• Problem requirements: Copy the records word for word, omitting all pictures.

────

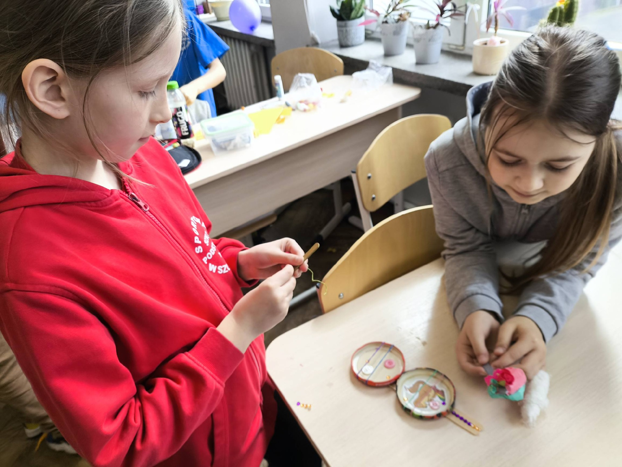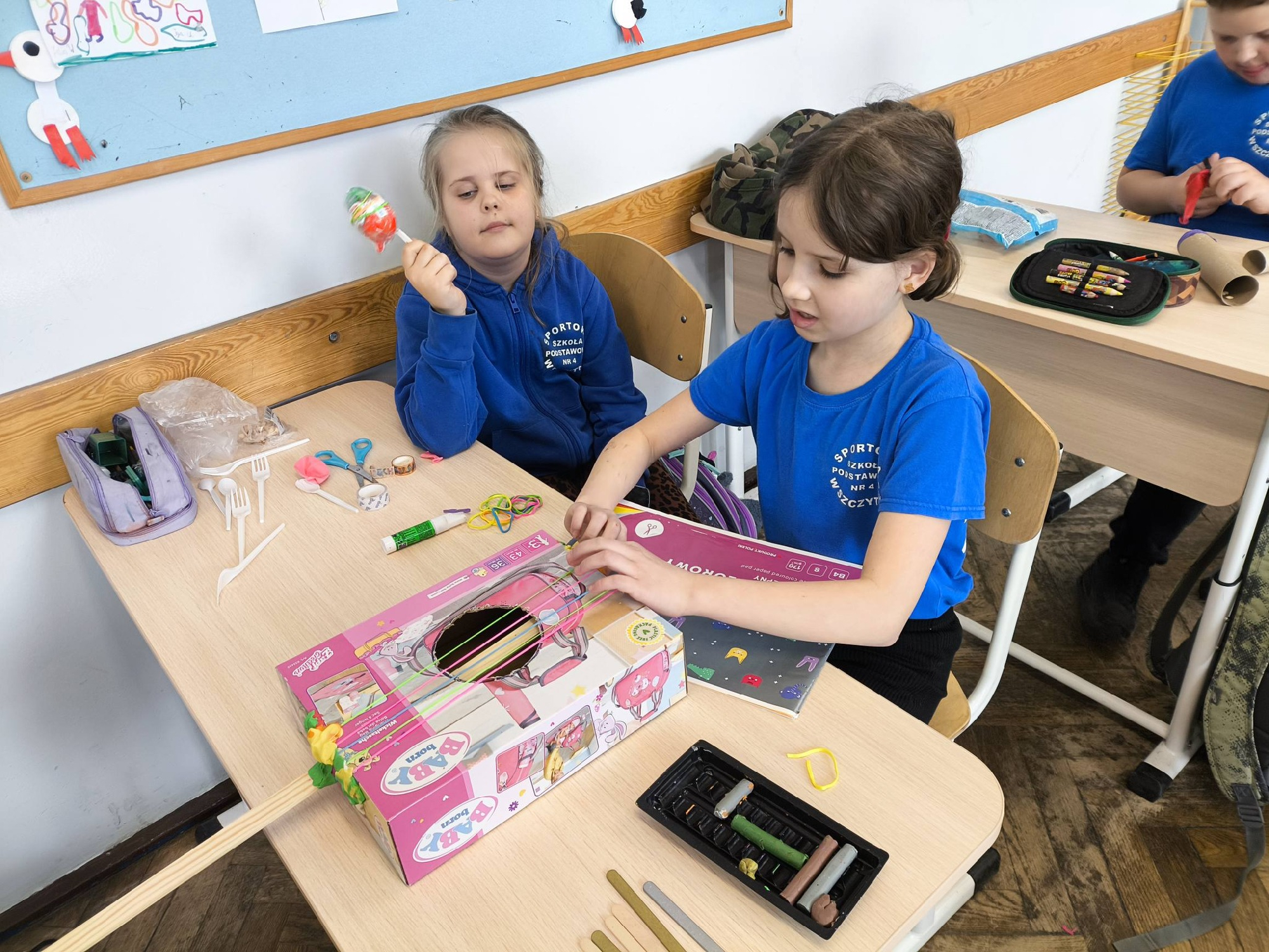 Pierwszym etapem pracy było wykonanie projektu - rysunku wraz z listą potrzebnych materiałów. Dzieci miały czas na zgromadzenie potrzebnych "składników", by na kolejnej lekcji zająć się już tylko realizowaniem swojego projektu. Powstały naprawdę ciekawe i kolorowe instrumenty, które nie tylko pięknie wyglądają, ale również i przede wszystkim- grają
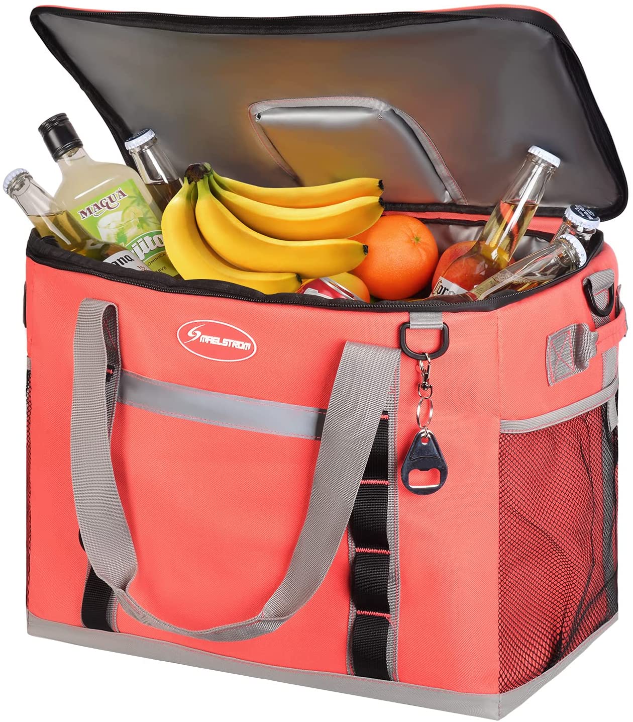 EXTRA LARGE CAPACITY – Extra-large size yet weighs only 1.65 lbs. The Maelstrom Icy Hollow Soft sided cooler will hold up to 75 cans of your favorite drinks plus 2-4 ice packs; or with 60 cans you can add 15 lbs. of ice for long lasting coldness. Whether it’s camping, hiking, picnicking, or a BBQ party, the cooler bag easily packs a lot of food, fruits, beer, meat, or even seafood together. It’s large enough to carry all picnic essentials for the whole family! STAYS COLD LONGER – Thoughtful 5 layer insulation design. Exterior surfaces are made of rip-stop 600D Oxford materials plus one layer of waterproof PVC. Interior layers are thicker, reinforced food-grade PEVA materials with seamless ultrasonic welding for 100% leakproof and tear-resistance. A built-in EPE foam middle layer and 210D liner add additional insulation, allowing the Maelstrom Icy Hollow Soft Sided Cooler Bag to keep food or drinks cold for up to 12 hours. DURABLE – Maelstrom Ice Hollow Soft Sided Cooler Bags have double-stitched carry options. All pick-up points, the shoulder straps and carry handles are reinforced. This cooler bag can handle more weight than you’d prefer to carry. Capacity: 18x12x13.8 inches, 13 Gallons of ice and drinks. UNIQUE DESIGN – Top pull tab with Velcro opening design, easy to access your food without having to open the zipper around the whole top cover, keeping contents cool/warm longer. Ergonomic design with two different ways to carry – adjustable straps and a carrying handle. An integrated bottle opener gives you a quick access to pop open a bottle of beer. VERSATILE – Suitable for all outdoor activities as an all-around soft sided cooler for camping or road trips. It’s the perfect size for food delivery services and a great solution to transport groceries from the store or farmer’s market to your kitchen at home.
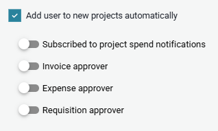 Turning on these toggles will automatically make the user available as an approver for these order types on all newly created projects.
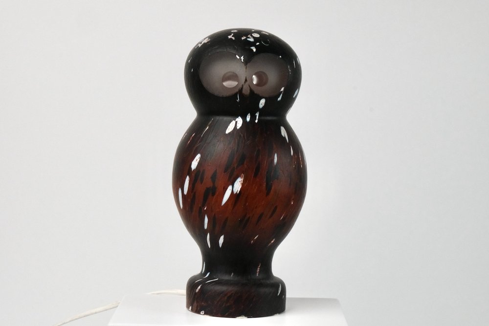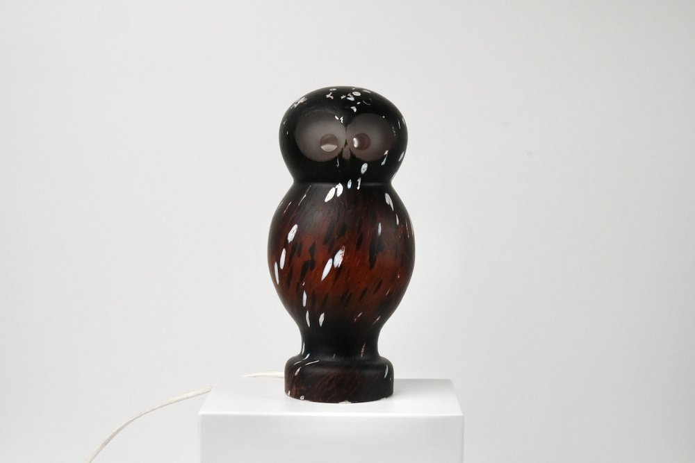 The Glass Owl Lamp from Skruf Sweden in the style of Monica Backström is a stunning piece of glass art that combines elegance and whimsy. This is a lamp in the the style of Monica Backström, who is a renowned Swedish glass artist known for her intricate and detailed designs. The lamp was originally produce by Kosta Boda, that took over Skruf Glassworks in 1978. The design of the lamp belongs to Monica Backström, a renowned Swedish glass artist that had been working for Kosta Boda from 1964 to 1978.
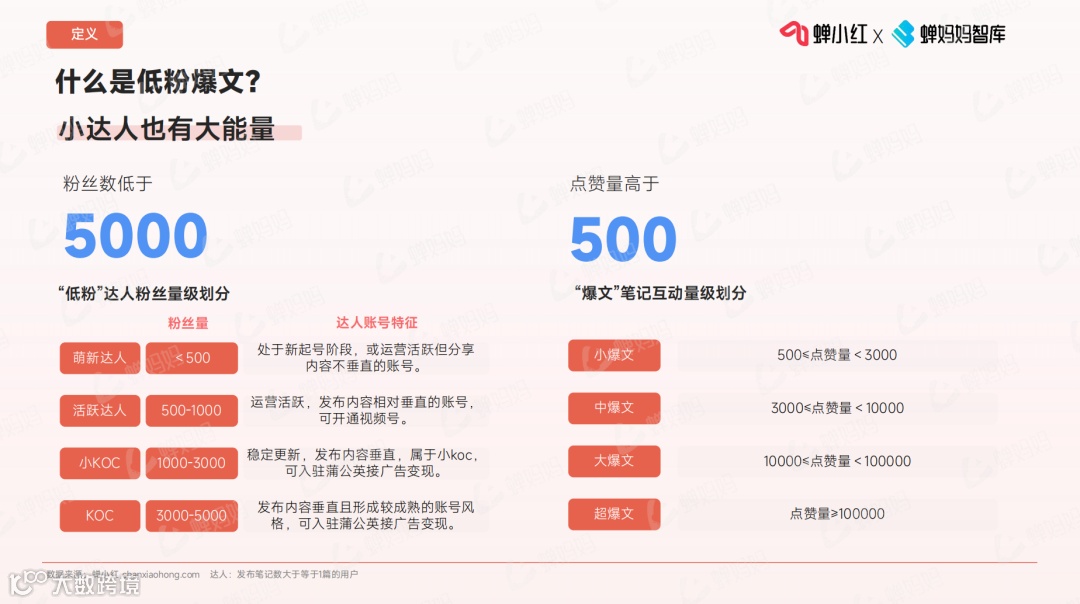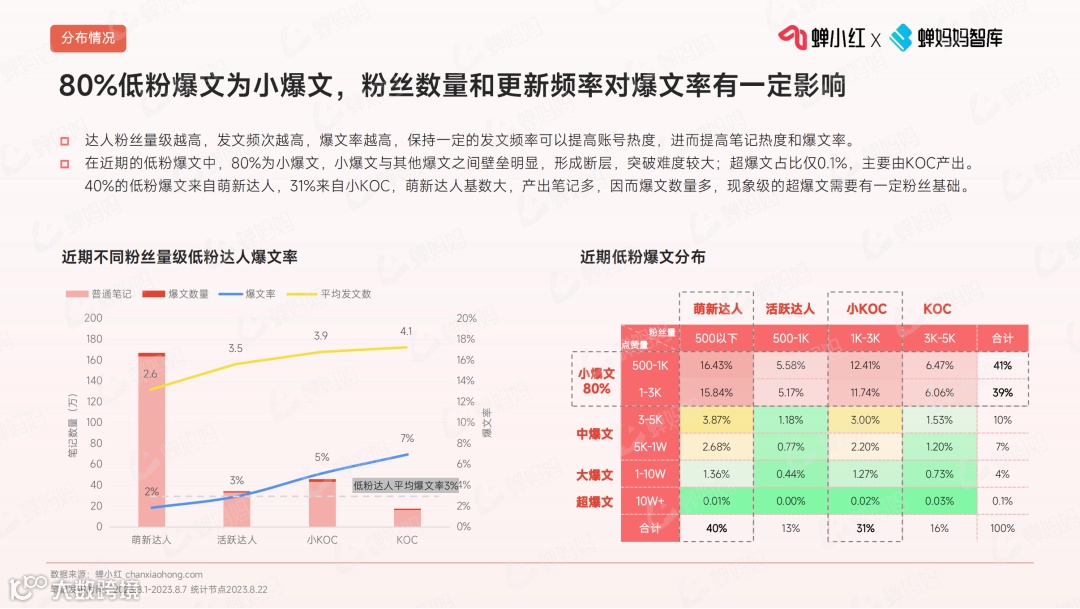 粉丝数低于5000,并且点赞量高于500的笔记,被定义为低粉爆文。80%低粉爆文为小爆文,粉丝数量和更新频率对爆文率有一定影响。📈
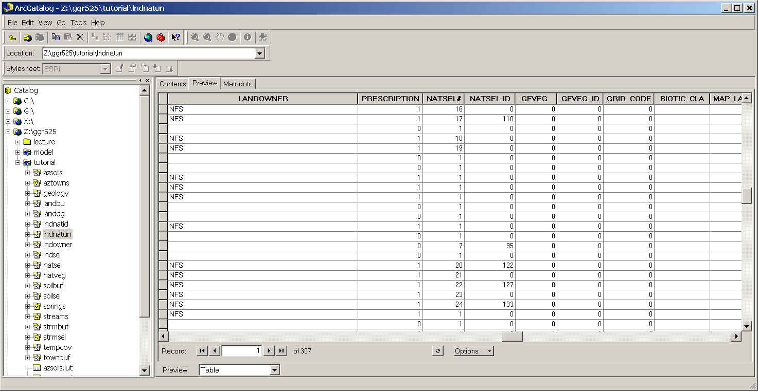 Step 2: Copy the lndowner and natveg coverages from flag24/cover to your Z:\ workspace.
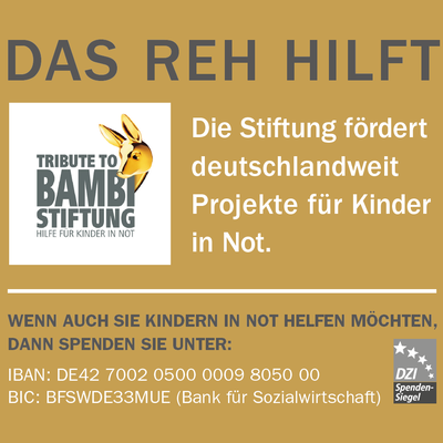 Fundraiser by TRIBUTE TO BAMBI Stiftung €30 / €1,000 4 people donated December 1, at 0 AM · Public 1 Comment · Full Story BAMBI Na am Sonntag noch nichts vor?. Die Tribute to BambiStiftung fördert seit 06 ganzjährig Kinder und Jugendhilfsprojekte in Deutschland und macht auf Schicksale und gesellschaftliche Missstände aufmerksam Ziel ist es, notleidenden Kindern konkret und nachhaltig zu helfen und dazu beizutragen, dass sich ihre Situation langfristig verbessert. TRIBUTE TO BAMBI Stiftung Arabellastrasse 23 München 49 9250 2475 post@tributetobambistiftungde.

────

• Your response:
 Pierwszym etapem pracy było wykonanie projektu - rysunku wraz z listą potrzebnych materiałów. Dzieci miały czas na zgromadzenie potrzebnych "składników", by na kolejnej lekcji zająć się już tylko realizowaniem swojego projektu. Powstały naprawdę ciekawe i kolorowe instrumenty, które nie tylko pięknie wyglądają, ale również i przede wszystkim- grają
 EXTRA LARGE CAPACITY – Extra-large size yet weighs only 1.65 lbs. The Maelstrom Icy Hollow Soft sided cooler will hold up to 75 cans of your favorite drinks plus 2-4 ice packs; or with 60 cans you can add 15 lbs. of ice for long lasting coldness. Whether it’s camping, hiking, picnicking, or a BBQ party, the cooler bag easily packs a lot of food, fruits, beer, meat, or even seafood together. It’s large enough to carry all picnic essentials for the whole family! STAYS COLD LONGER – Thoughtful 5 layer insulation design. Exterior surfaces are made of rip-stop 600D Oxford materials plus one layer of waterproof PVC. Interior layers are thicker, reinforced food-grade PEVA materials with seamless ultrasonic welding for 100% leakproof and tear-resistance. A built-in EPE foam middle layer and 210D liner add additional insulation, allowing the Maelstrom Icy Hollow Soft Sided Cooler Bag to keep food or drinks cold for up to 12 hours. DURABLE – Maelstrom Ice Hollow Soft Sided Cooler Bags have double-stitched carry options. All pick-up points, the shoulder straps and carry handles are reinforced. This cooler bag can handle more weight than you’d prefer to carry. Capacity: 18x12x13.8 inches, 13 Gallons of ice and drinks. UNIQUE DESIGN – Top pull tab with Velcro opening design, easy to access your food without having to open the zipper around the whole top cover, keeping contents cool/warm longer. Ergonomic design with two different ways to carry – adjustable straps and a carrying handle. An integrated bottle opener gives you a quick access to pop open a bottle of beer. VERSATILE – Suitable for all outdoor activities as an all-around soft sided cooler for camping or road trips. It’s the perfect size for food delivery services and a great solution to transport groceries from the store or farmer’s market to your kitchen at home.
 Turning on these toggles will automatically make the user available as an approver for these order types on all newly created projects.
 The Glass Owl Lamp from Skruf Sweden in the style of Monica Backström is a stunning piece of glass art that combines elegance and whimsy. This is a lamp in the the style of Monica Backström, who is a renowned Swedish glass artist known for her intricate and detailed designs. The lamp was originally produce by Kosta Boda, that took over Skruf Glassworks in 1978. The design of the lamp belongs to Monica Backström, a renowned Swedish glass artist that had been working for Kosta Boda from 1964 to 1978.
 粉丝数低于5000,并且点赞量高于500的笔记,被定义为低粉爆文。80%低粉爆文为小爆文,粉丝数量和更新频率对爆文率有一定影响。📈
 Step 2: Copy the lndowner and natveg coverages from flag24/cover to your Z:\ workspace.
 Fundraiser by TRIBUTE TO BAMBI Stiftung €30 / €1,000 4 people donated December 1, at 0 AM · Public 1 Comment · Full Story BAMBI Na am Sonntag noch nichts vor?. Die Tribute to BambiStiftung fördert seit 06 ganzjährig Kinder und Jugendhilfsprojekte in Deutschland und macht auf Schicksale und gesellschaftliche Missstände aufmerksam Ziel ist es, notleidenden Kindern konkret und nachhaltig zu helfen und dazu beizutragen, dass sich ihre Situation langfristig verbessert. TRIBUTE TO BAMBI Stiftung Arabellastrasse 23 München 49 9250 2475 post@tributetobambistiftungde.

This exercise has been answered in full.